DATA ::
● ● ● ● ●

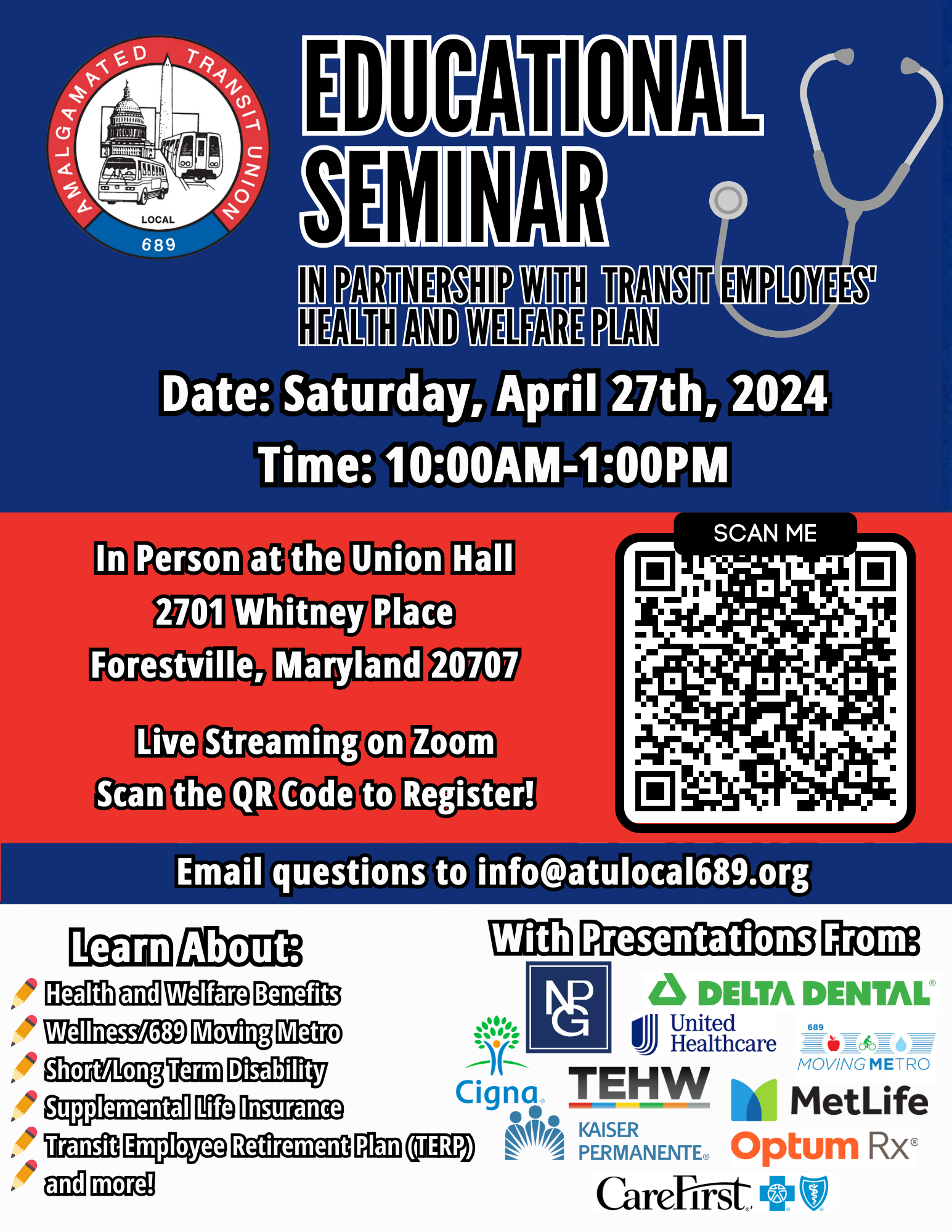Join Transit Employees’ Health and Welfare as we partner with Local 689 for their annual Educational Seminar on April 27th, 2024 from 10AM to 1PM. Learn about Health and Welfare Benefits, Health and Wellness (689 Moving Metro), Short/Long Term Disability, Supplemental Life Insurance, Transit Employee Retirement Plan (TERP) and much more! Medical and Dental carriers …
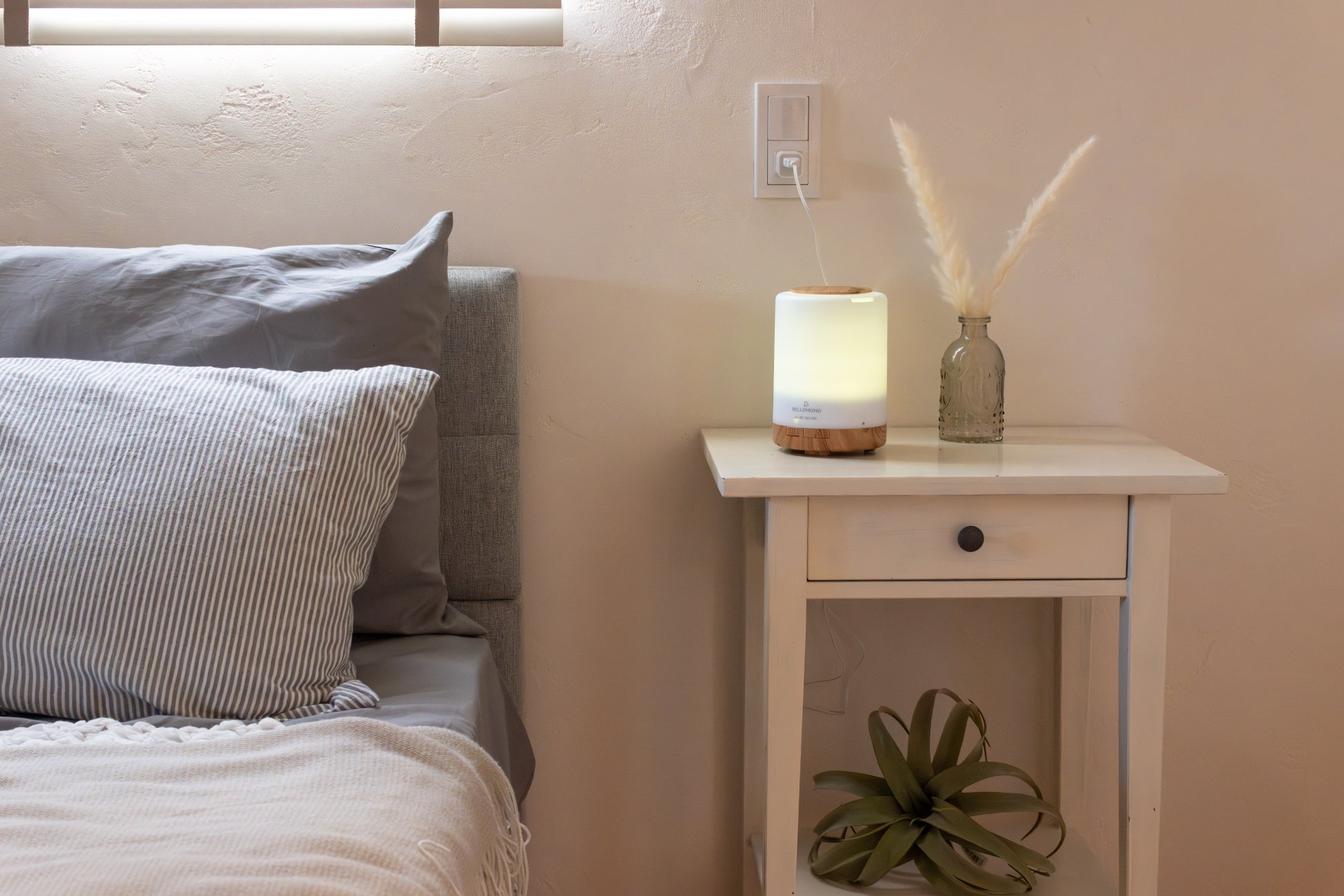 ミストは真上ではなく斜めに噴出される仕様で、香りを広げたい方向へ調整しやすい点も特長です。さらに、36dBの静音設計により、寝室やリビングなどのリラックス空間にもなじみます。
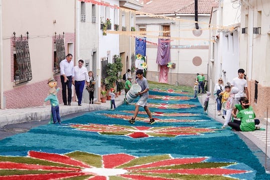Esta fiesta consiste en vestir las calles por donde discurre la virgen, de una alfombra con más de kilómetro y medio de serrín tintado”.

● ● ● ● ●

REQUIREMENT :: All of the data above should be quoted exactly, except for the pictures.

ANSWER FOR THIS EXERCISE ::
Join Transit Employees’ Health and Welfare as we partner with Local 689 for their annual Educational Seminar on April 27th, 2024 from 10AM to 1PM. Learn about Health and Welfare Benefits, Health and Wellness (689 Moving Metro), Short/Long Term Disability, Supplemental Life Insurance, Transit Employee Retirement Plan (TERP) and much more! Medical and Dental carriers …
 ミストは真上ではなく斜めに噴出される仕様で、香りを広げたい方向へ調整しやすい点も特長です。さらに、36dBの静音設計により、寝室やリビングなどのリラックス空間にもなじみます。
Esta fiesta consiste en vestir las calles por donde discurre la virgen, de una alfombra con más de kilómetro y medio de serrín tintado”.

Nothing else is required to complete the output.